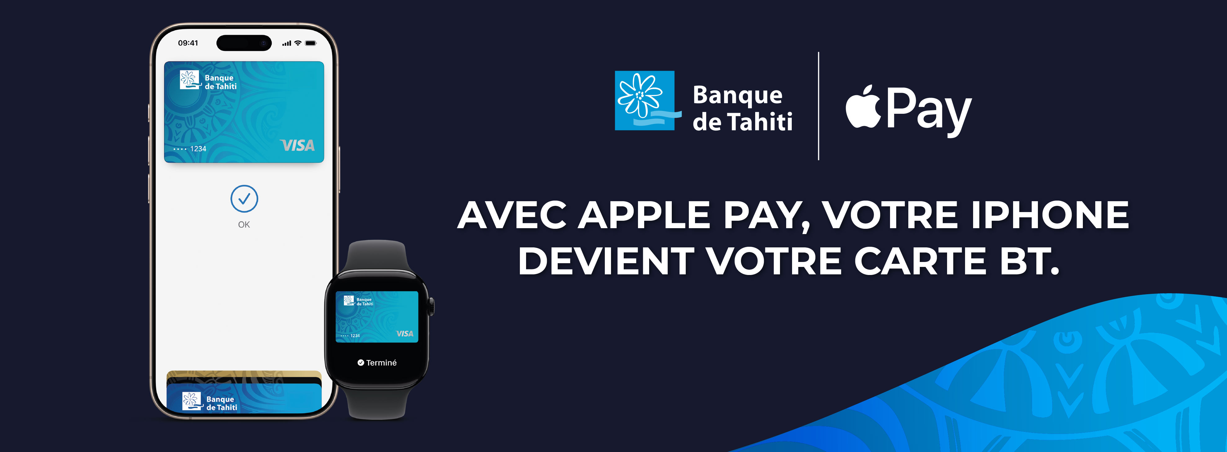 En ajoutant votre carte bancaire à Apple Pay, vous conservez tous les avantages de votre carte tout en profitant d’un paiement fluide et sécurisé. Lors de chaque transaction, les données de votre carte ne sont jamais communiquées au commerçant : elles ne sont ni stockées sur votre appareil, ni partagées, garantissant ainsi une protection optimale de vos informations personnelles.
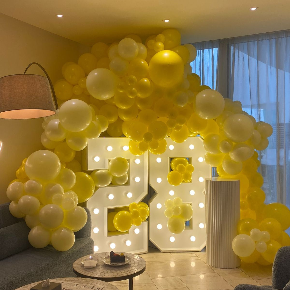 Level up your birthday bash or corporate event with our epic 1.25m marquee numbers adorned with a luxe balloon garland backing!
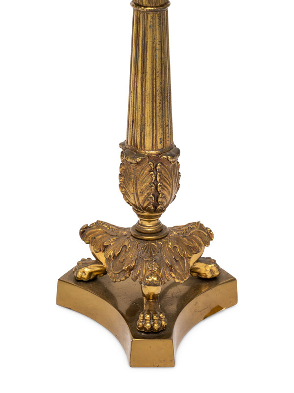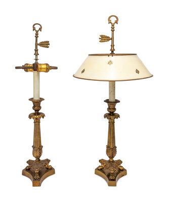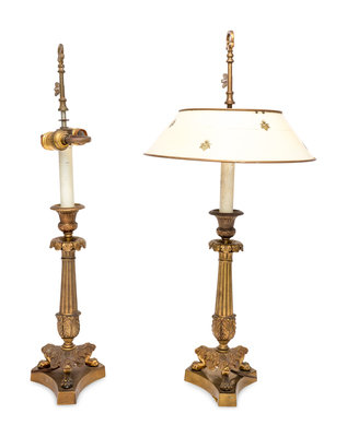 A Pair of Empire Style Gilt Bronze Candlesticks Mounted as Lamps
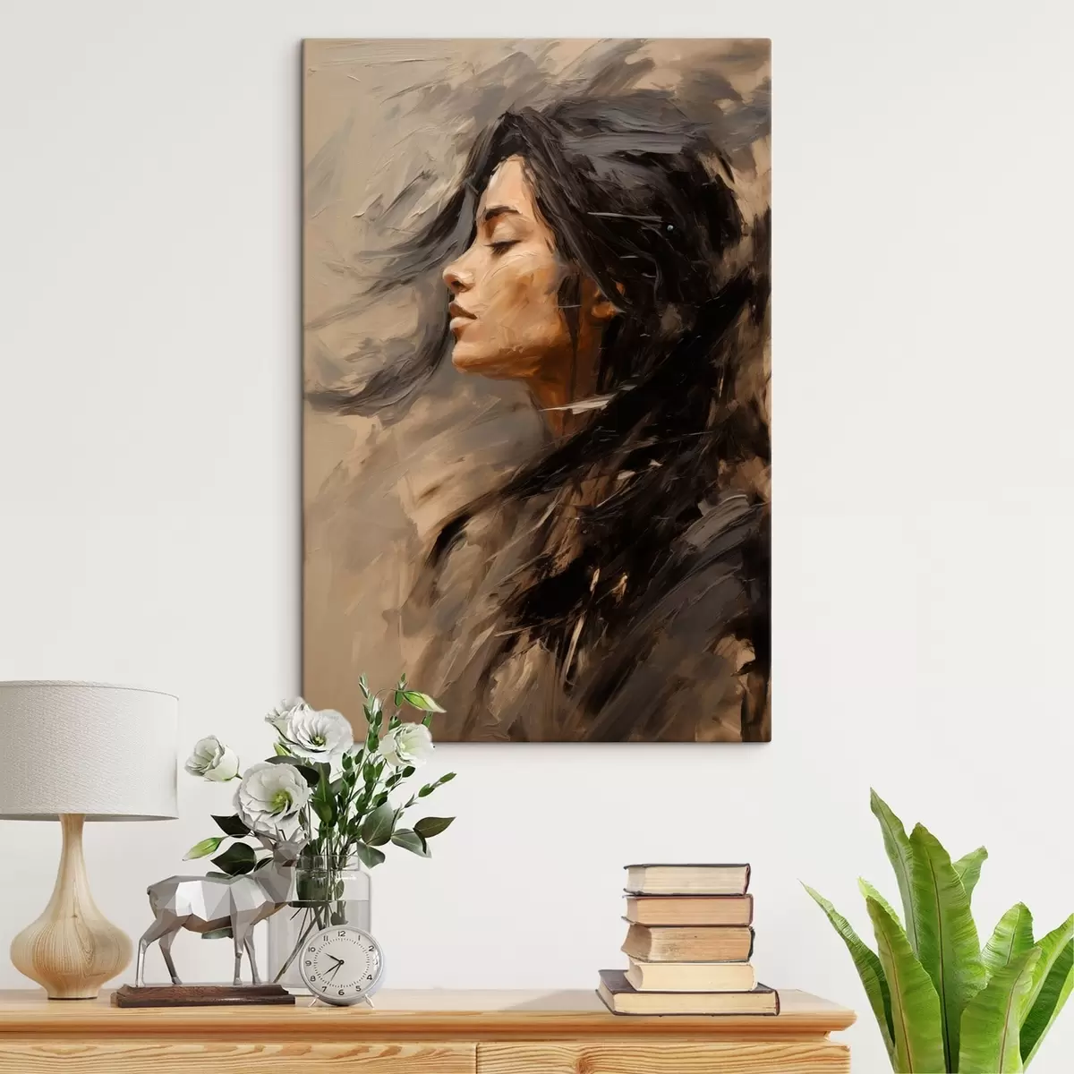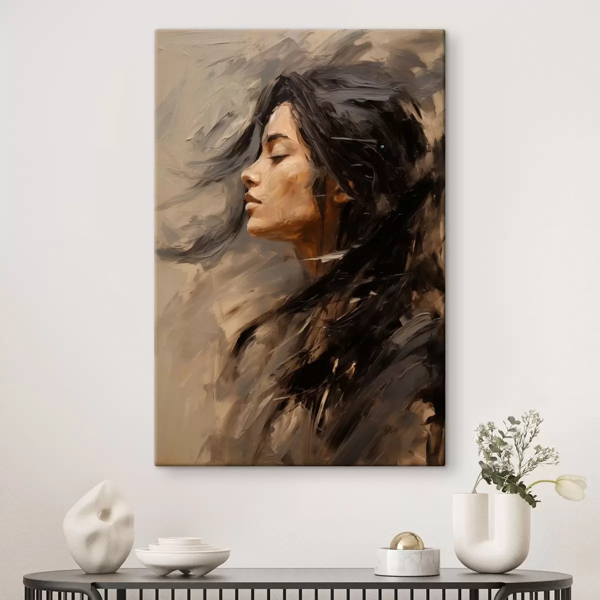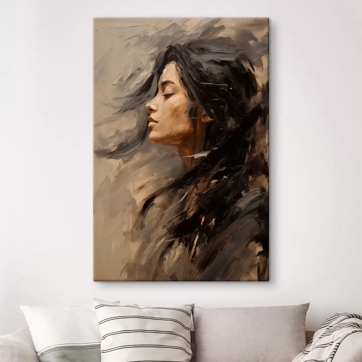 Cuadros Perfil femenino pintado con trazos artísticos y tonos cálidos Nr s48621
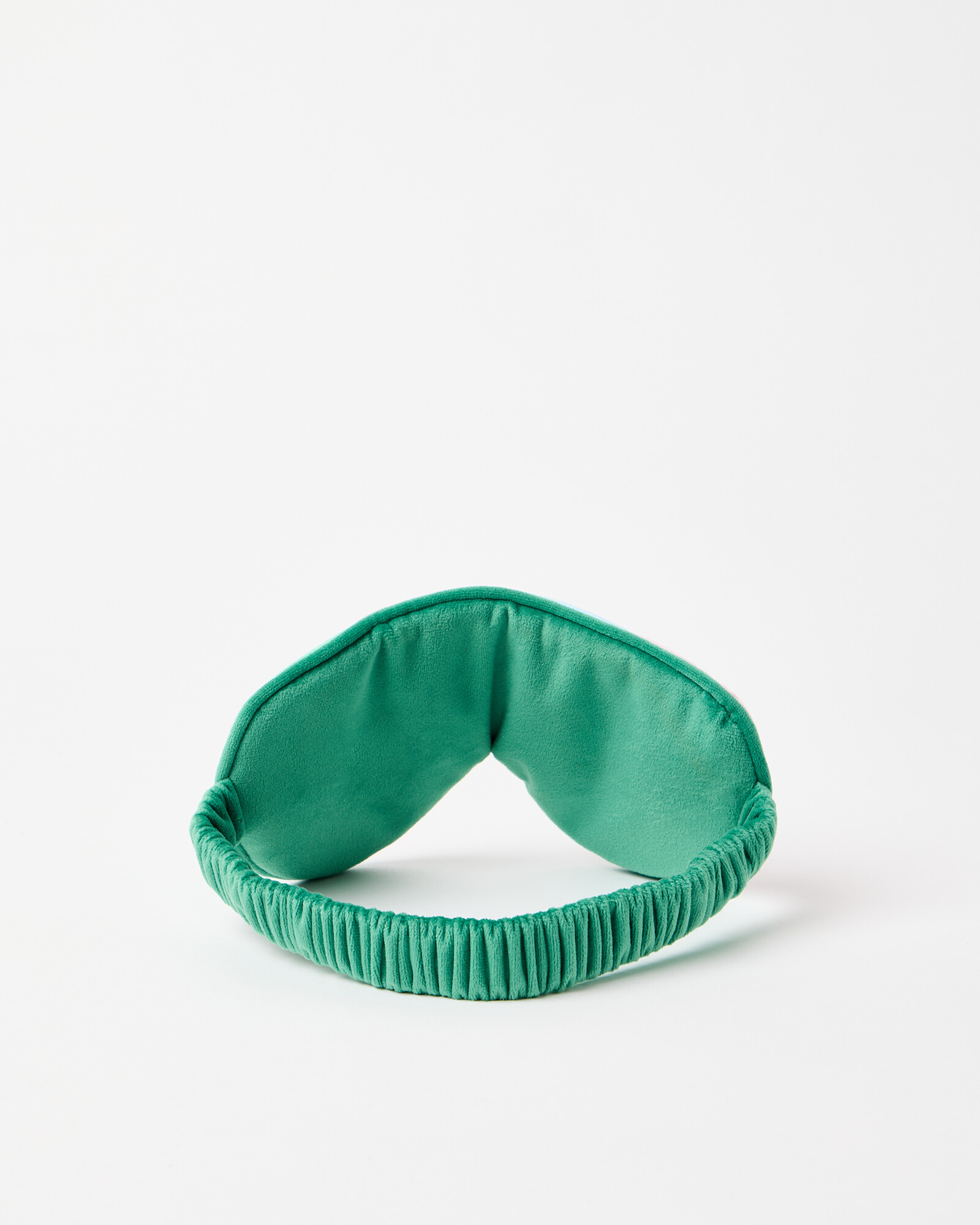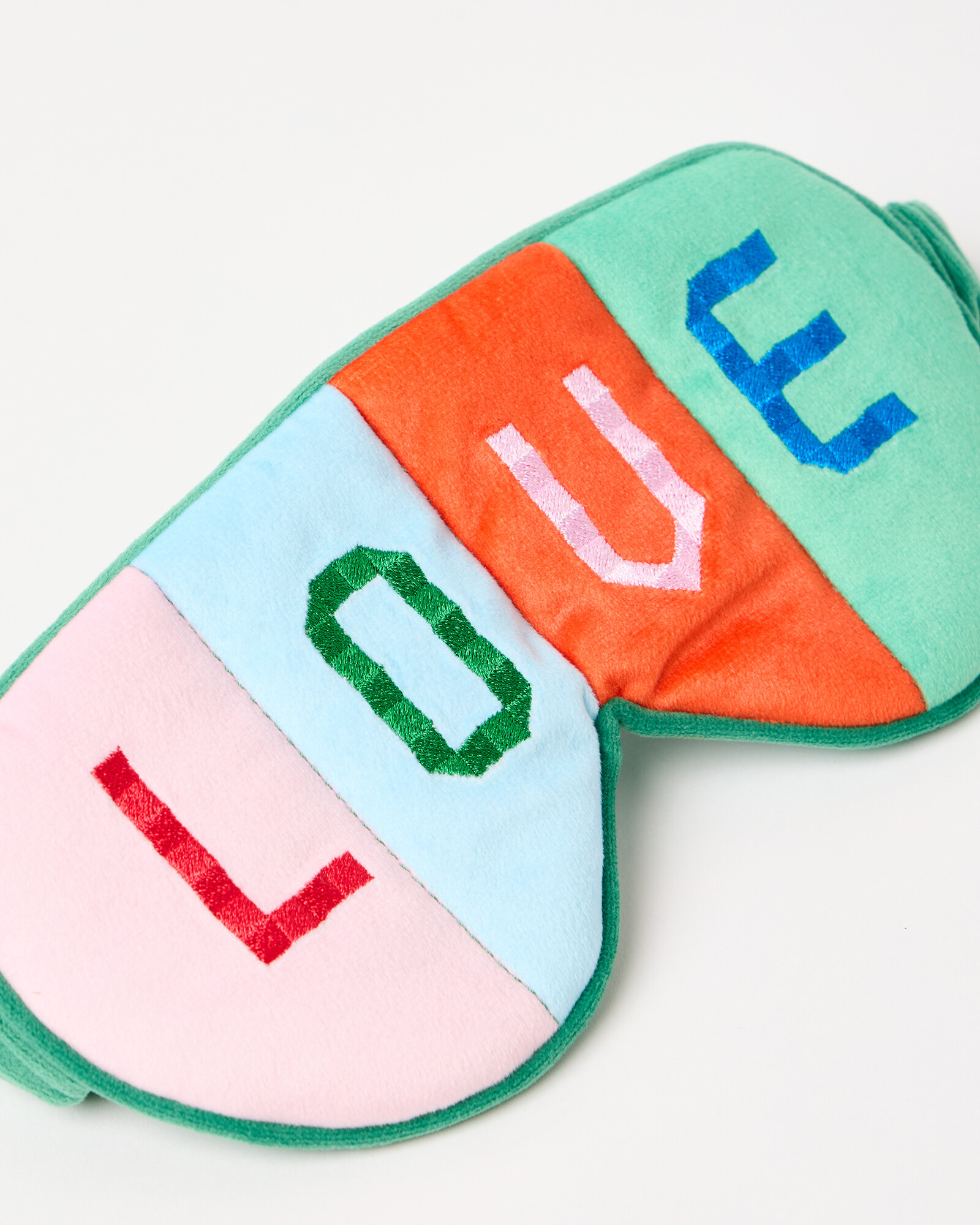 Velvet eye mask with patchwork panels in vibrant colour combinations and embroidered letters.

---

**WORK REQUIRED:** Without including any pictures, print all of the material exactly as given.

**RESPONSE BELOW:**
 En ajoutant votre carte bancaire à Apple Pay, vous conservez tous les avantages de votre carte tout en profitant d’un paiement fluide et sécurisé. Lors de chaque transaction, les données de votre carte ne sont jamais communiquées au commerçant : elles ne sont ni stockées sur votre appareil, ni partagées, garantissant ainsi une protection optimale de vos informations personnelles.
 Level up your birthday bash or corporate event with our epic 1.25m marquee numbers adorned with a luxe balloon garland backing!
 A Pair of Empire Style Gilt Bronze Candlesticks Mounted as Lamps
 Cuadros Perfil femenino pintado con trazos artísticos y tonos cálidos Nr s48621
 Velvet eye mask with patchwork panels in vibrant colour combinations and embroidered letters.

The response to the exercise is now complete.